DATA SHOWN:

◆ ◆ ◆ ◆ ◆ ◆ ◆

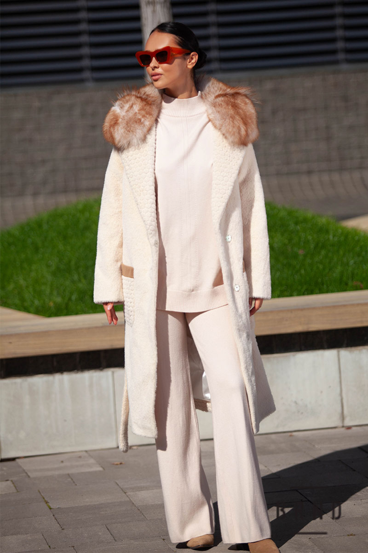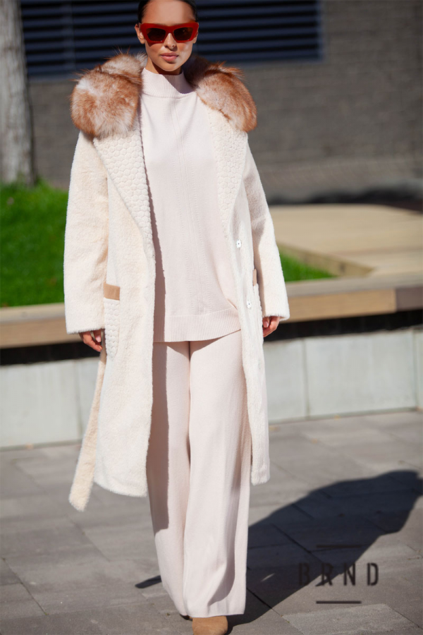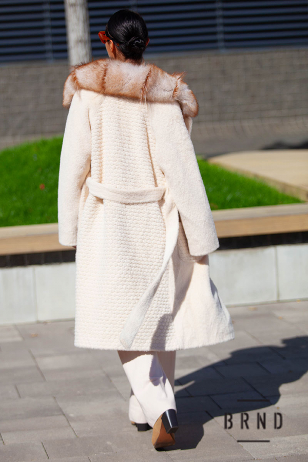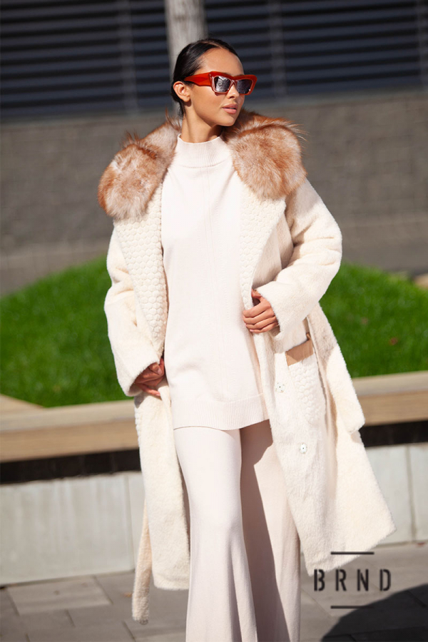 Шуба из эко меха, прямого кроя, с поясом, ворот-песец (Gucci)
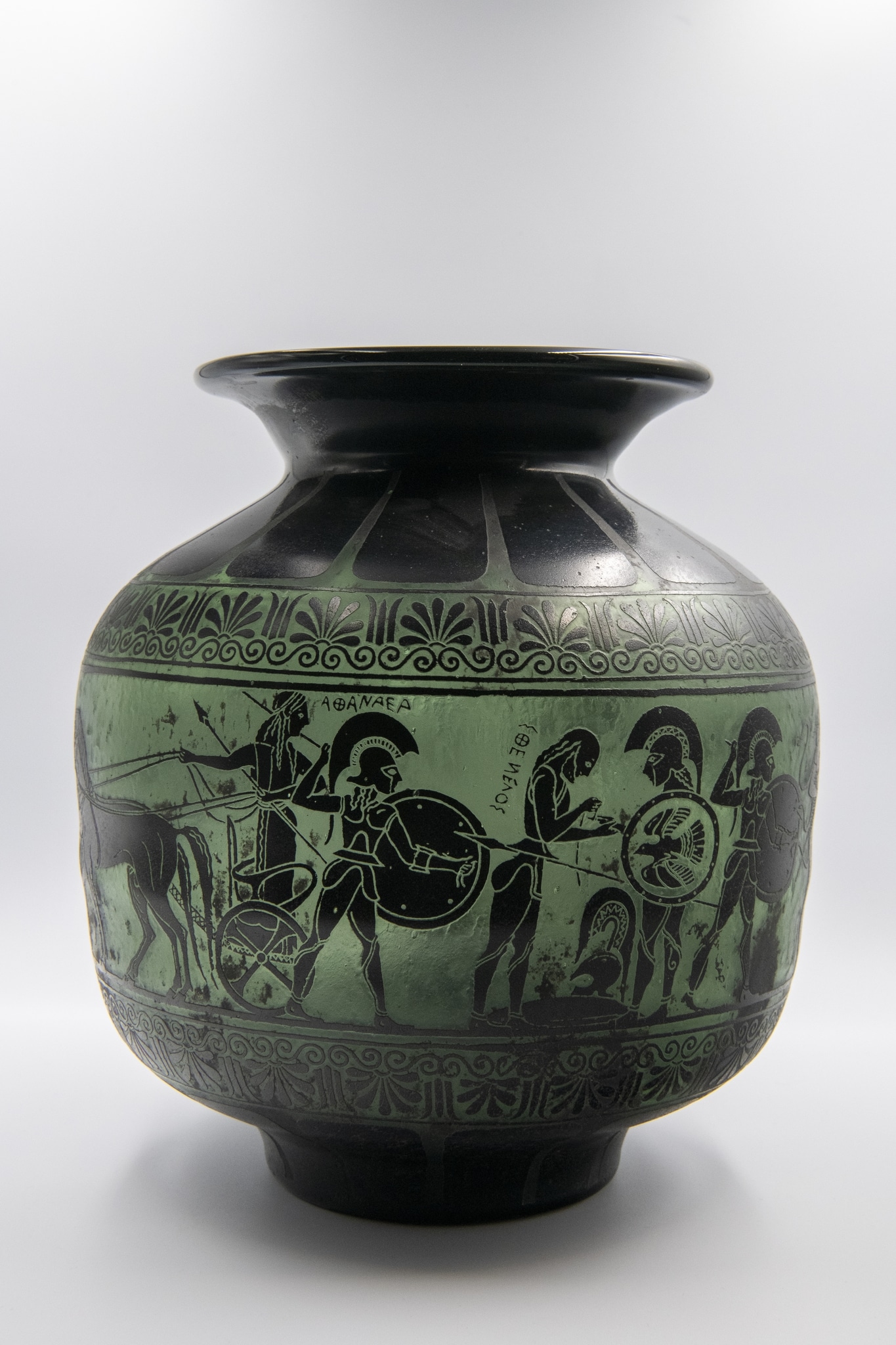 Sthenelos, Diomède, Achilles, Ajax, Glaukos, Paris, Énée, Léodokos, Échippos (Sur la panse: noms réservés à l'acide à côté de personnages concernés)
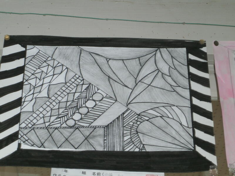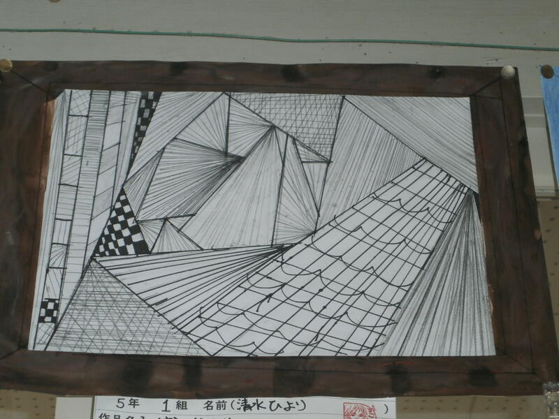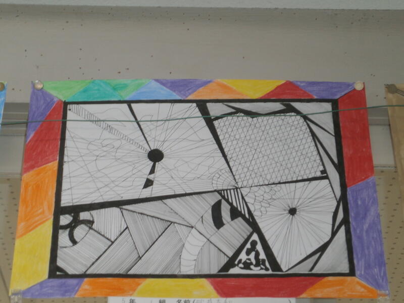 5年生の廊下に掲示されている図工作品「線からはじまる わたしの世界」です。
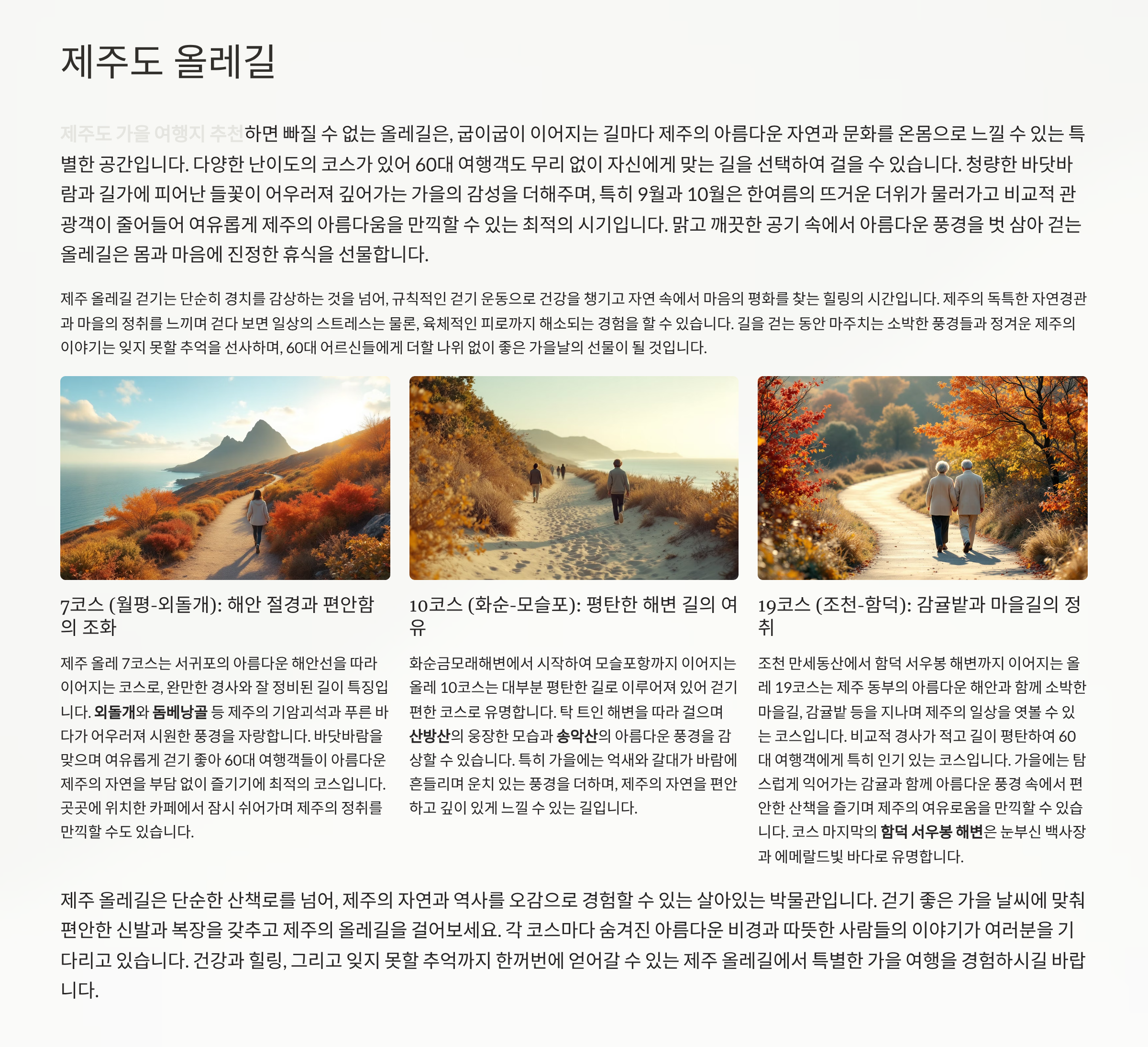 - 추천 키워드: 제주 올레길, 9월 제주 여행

◆ ◆ ◆ ◆ ◆ ◆ ◆

TASK STATEMENT:
Would you restate the listing word for word and leave every picture out?

OUTPUT:
 Шуба из эко меха, прямого кроя, с поясом, ворот-песец (Gucci)
 Sthenelos, Diomède, Achilles, Ajax, Glaukos, Paris, Énée, Léodokos, Échippos (Sur la panse: noms réservés à l'acide à côté de personnages concernés)
 5年生の廊下に掲示されている図工作品「線からはじまる わたしの世界」です。
 - 추천 키워드: 제주 올레길, 9월 제주 여행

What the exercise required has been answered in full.